Anayasal kriz: Donald Trump kuvvetler ayrılığını ayaklar altına alıyor, ne zamana kadar?
%3Aquality(70)%3Afocal(2135x1754%3A2145x1764)%2Fcloudfront-eu-central-1.images.arcpublishing.com%2Fliberation%2FBQYIK6ZBRJHLVJEXZH5WRSCNQ4.jpg&w=1280&q=100)
ABD'de "anayasal kriz" mi var? Her halükarda, Amerika'nın dünyadaki anayasa hukukçuları tarafından bilinen meşhur "denge ve kontrol" sistemi olan kuvvetler ayrılığının niteliği konusunda gerçek bir hukuki tartışma yaşanıyor.
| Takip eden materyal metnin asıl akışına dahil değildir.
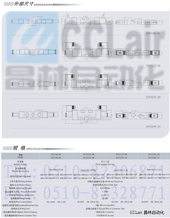 SV5322C-06,SV5318C-M5,SV5327C-08,SV5334C-10,五口二位電磁閥

Uzmanlar sistemin gerektiği gibi çalışıp çalışmadığı (yürütme organı kararlar alıyor ve bunlar anayasaya aykırıysa hakimler bunları engelliyor) veya Donald Trump'ın yürütme emirlerinin tüm yasalara aykırı olup olmadığı ve mahkemede itiraz edilemeyeceği konusunda fikir ayrılığına düşüyor.
Donald Trump, ikinci kez iktidara gelmesinin üzerinden henüz yirmi beş gün geçmişken, sosyal medya üzerinden yaptığı açıklamada, "Ülkesini kurtaran hiçbir yasayı çiğnemez" ifadesini, devlet başkanının sorumsuzluğu ilkesine benzeyen "Kral hiçbir kötülük yapamaz" şeklindeki Napolyon özdeyişine benzetti. Bu durum, Yüksek Mahkeme'nin 2024 yılında Donald Trump'a karşı Amerika Birleşik Devletleri davasında başkanlık dokunulmazlığına ilişkin verdiği çok geniş yorumla da destekleniyor. Bu, Carl Schmitt'in, devlet başkanı tarafından acil durum kararı verildiğinde, anayasal kuralların, anayasa tarafından haklı gösterilen olumsuz bir rejim lehine askıya alındığı vizyonunu yansıtıyor.